Elizabeth Barletta, in her fourth year at Barclay Elementary/Middle School, was surprised in her classroom Thursday by interim schools CEO Tisha Edwards. She was chosen by a committee for the honor after being nominated and going through a process that included essays, interviews and classroom observations.
"Being able to do what I love every day and be recognized for it is surreal," Barletta said, as she prepared to take her students on a field trip to the skating rink.
Barletta said that she sees herself as a facilitator of learning. "I don't like to stand up here and talk, talk, talk. … I like sitting back and letting them take control," she said.
Edwards said Barletta, who has been teaching seven years, "makes her subjects come alive for her students." She cited examples of Barletta's real-world lessons, like creating a budget for Thanksgiving dinner and building a fence around a garden to learn measurements.

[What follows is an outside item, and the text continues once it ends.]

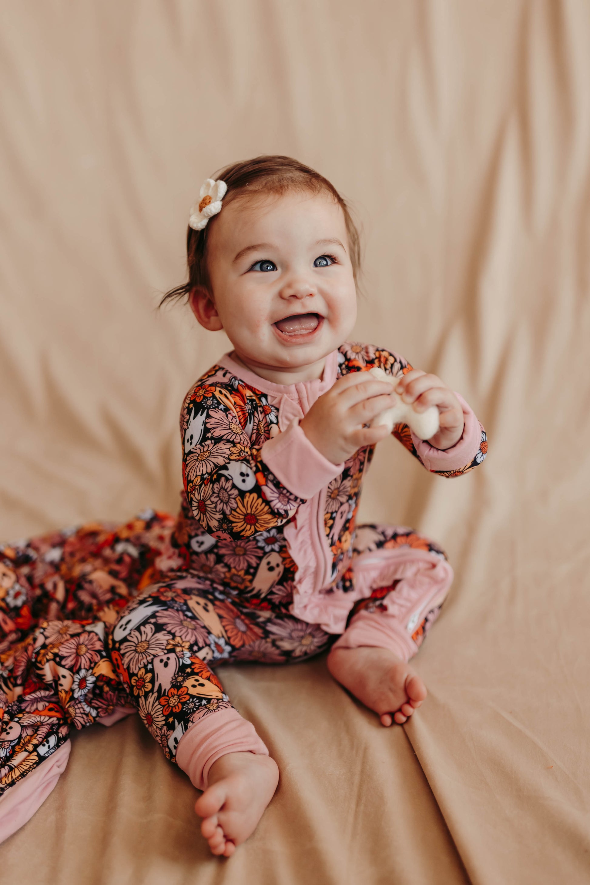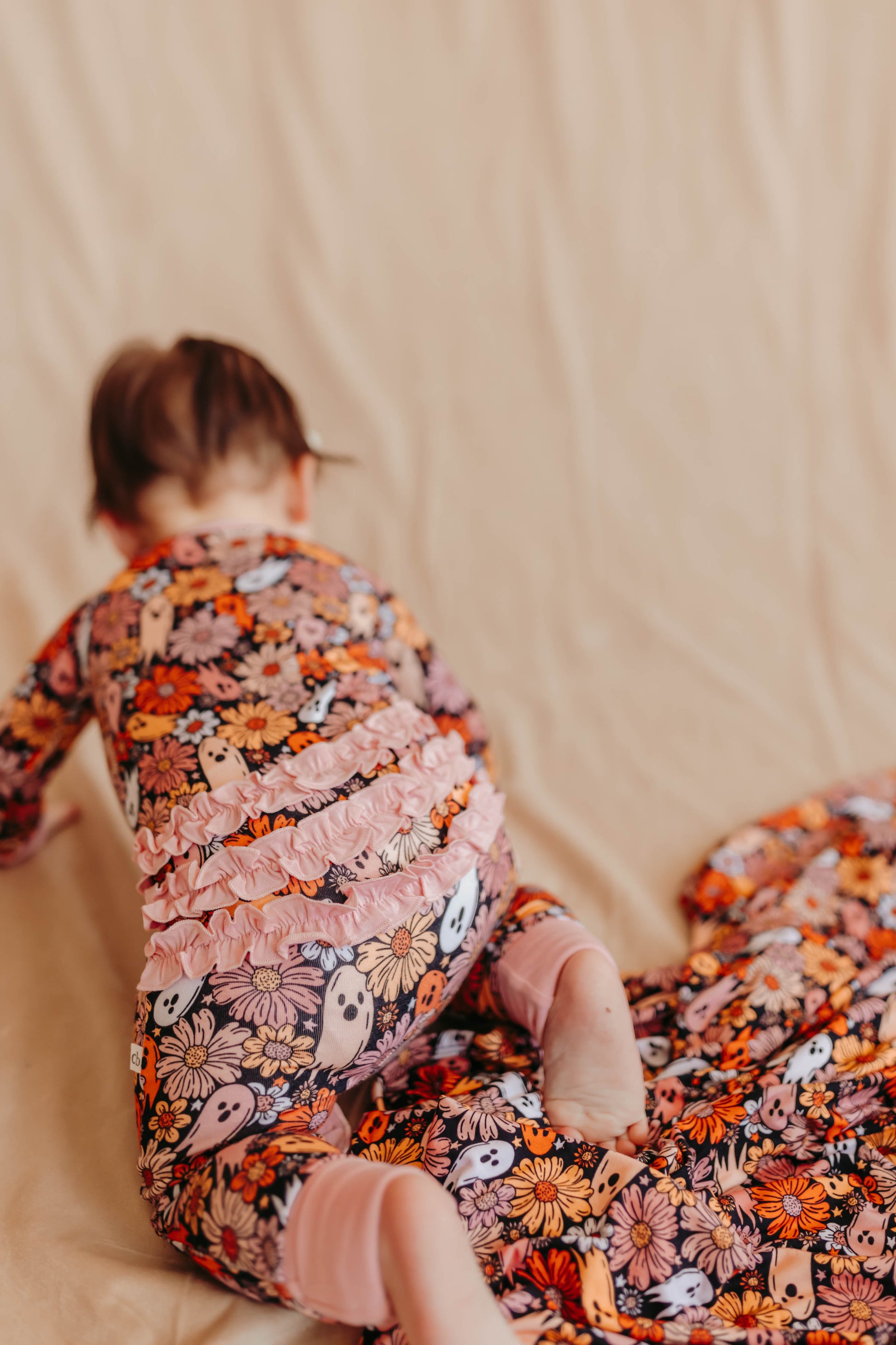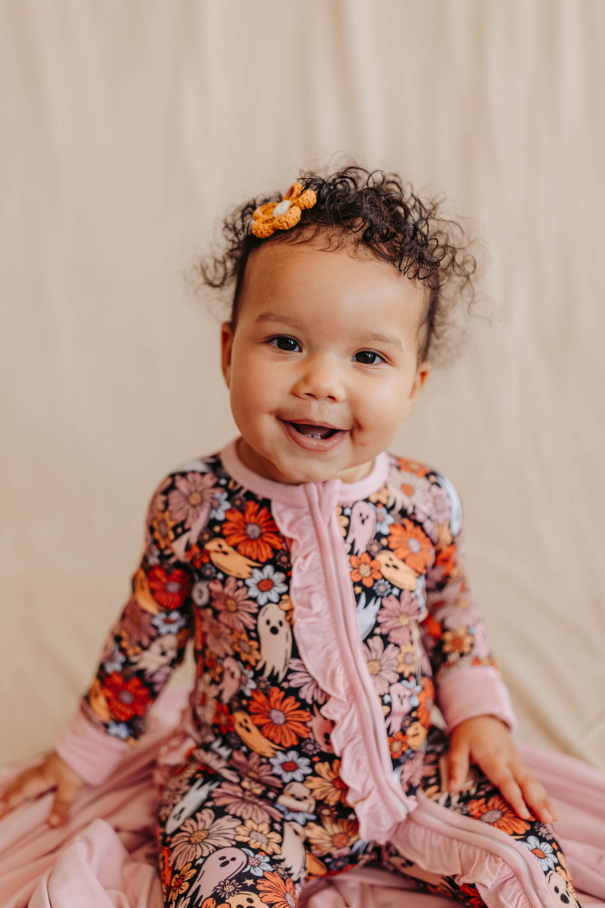 Hey! You're not so spooky! You're CUTSEY! The Elvira nursery gown is the cutest way to show off your baby this Halloween with Cuddle Butter's special spin on the traditional "black and orange" Halloween. We added PINK ghosts because pink is not just for Wednesdays, it's for all the days, and all the holidays!

Tyeshaun Tisdale, a Barclay fifth-grader, said Barletta is "respectful" and "teaches us in a fun way."
Barletta was described by district officials as an outspoken advocate for tailoring instruction to students' individual needs.
She was also praised for taking on leadership roles in her school, such as serving on her school's instructional leadership team and as the fifth-grade professional development facilitator for science, technology, engineering and mathematics (STEM). She also mentors student teachers from Loyola University Maryland.

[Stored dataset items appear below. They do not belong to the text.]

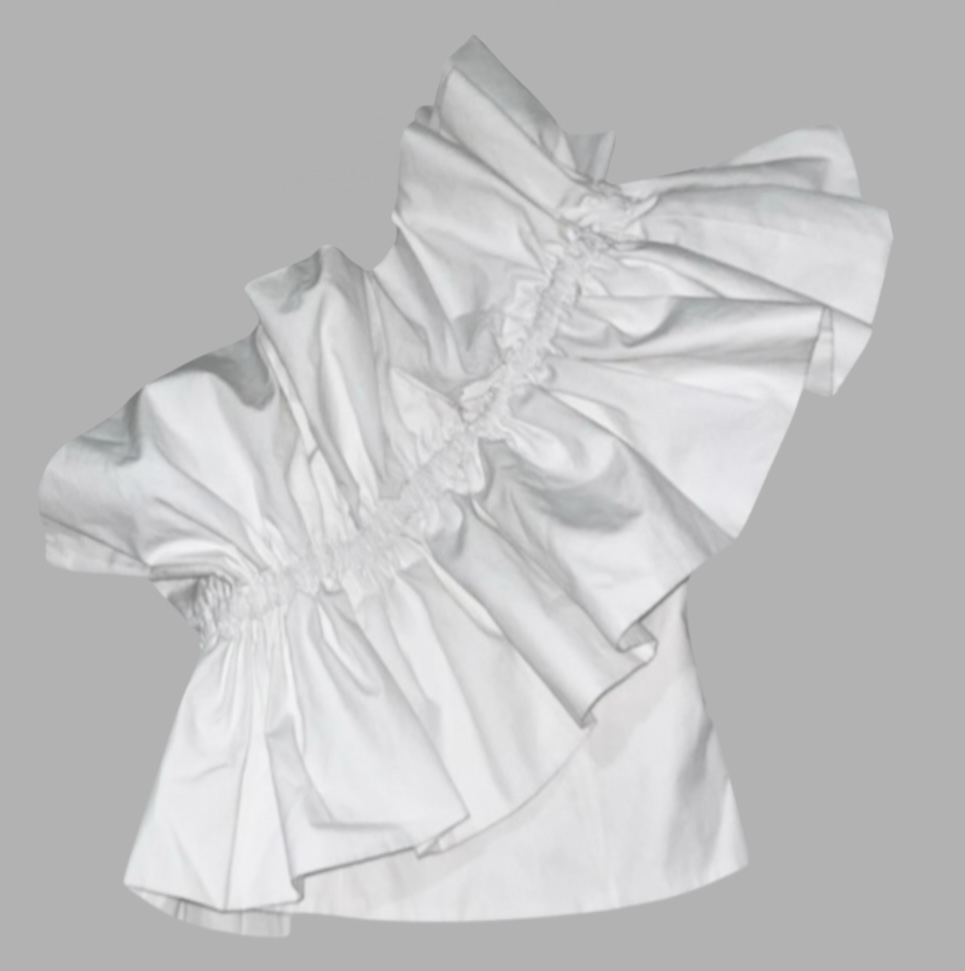 ZARA מידה M חולצת אוף שולדר לבנה חגיגית עם רפל גדול וקפלים אסימטריים, בגזרה מחטבת עם גומי מאחורה בגב. חולצת אוף שולדר דרמטית עם רפל אסימטרי – סגנון רומנטי-מודרני ששובר שגרה. מצב חדש
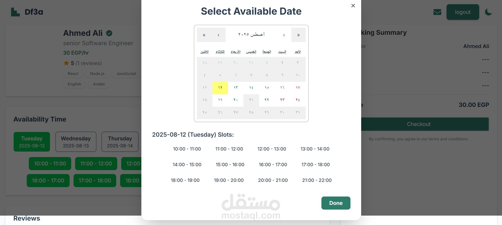 حجز الجلسات وإلغاؤها مع استرداد المدفوعات
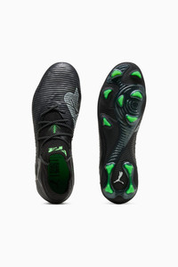 PRODUCT STORY Playmakers, unleash your creativity on firm soccer ground with the FUTURE 8 ULTIMATE. These game-changing cleats feature a high-density mesh for ball control, FLEXGILITY outsole for agile movement, and the option to play with or without laces, so you can move between the lines and create beyond limits. PUMA's ultimate fit and performance await. FEATURES & BENEFITS - Made with at least 20% recycled materials in the upper - PWRTAPE: Targeted upper reinforcement for support and durability - FUZIONFIT: wraps the foot like a second skin, offering a snug, cushioned fit without limiting movement DETAILS - Style: 108138_02 - Color: PUMA Black-Cool Light Gray-Fluo Green - Textured high-density mesh with GripControl Pro finish - PWRTAPE across the midfoot provides ultimate lockdown and stability for enhanced control - Regular to wide fit - FLEXGILITY outsole is designed for quick pivots and agile 360-degree movement needed to outmaneuver the opposition - FG: Suitable for use on firm natural surfaces MATERIAL INFORMATION - Sockliner: 100% Textile - Outsole: 100% Synthetic - Upper: 82.67% Synthetic, 17.33% Textile - Lining: 62.59% Textile, 37.41% Synthetic
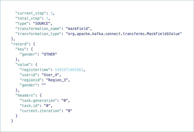 MaskField$Value) is applied to the Kafka record. The Kafka record value is transformed and thegenderfield value is removed.
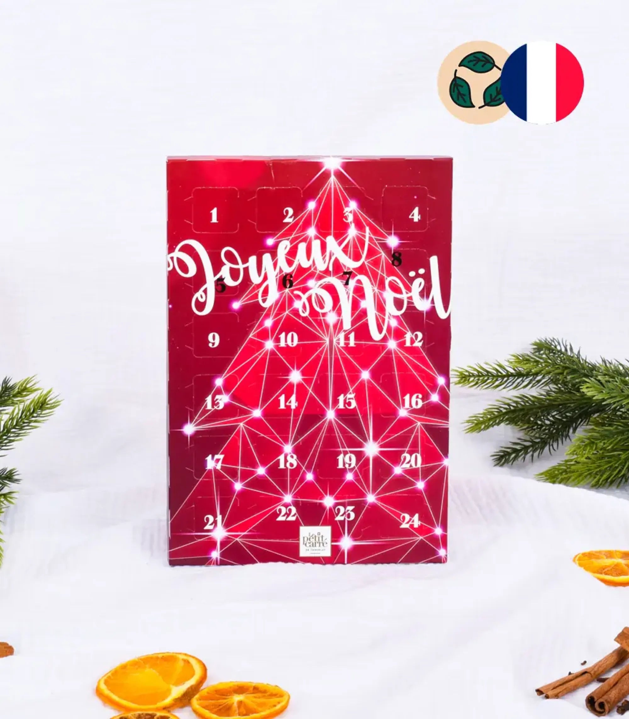 Le Calendrier de l'avent chocolat propose gourmandise : 25 tiroirs, chocolat noir 71% cacao, fabriqué entièrement France, carton FSC recyclable.
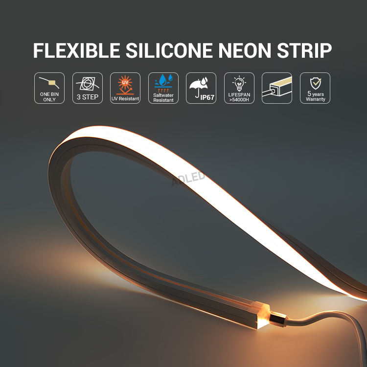 แถบไฟนีออนซิลิโคน95 CRI ระดับไฮเอนด์1010มม. 24โวลต์10*10มม. มีความยืดหยุ่นใช้งานกลางแจ้งพร้อมคะแนน IP67สำหรับโรงแรม

Barclay Principal Bettye Adams said that the Teacher of the Year honor "couldn't have happened to a better person." Adams, a self-described "harsh critic," said that Barletta exceeds her standards in evaluations. She was also named Barclay's Teacher of the Year last school year.
"She's just one of those diamonds that's making Barclay shine," Adams said.
"To know that these students are getting the best education from the 'teacher of the year' is showing them that anything is possible," she said.
In addition to the title, Barletta will receive several gifts donated by area organizations and businesses. She will also represent the district in competing for Maryland Teacher of the Year.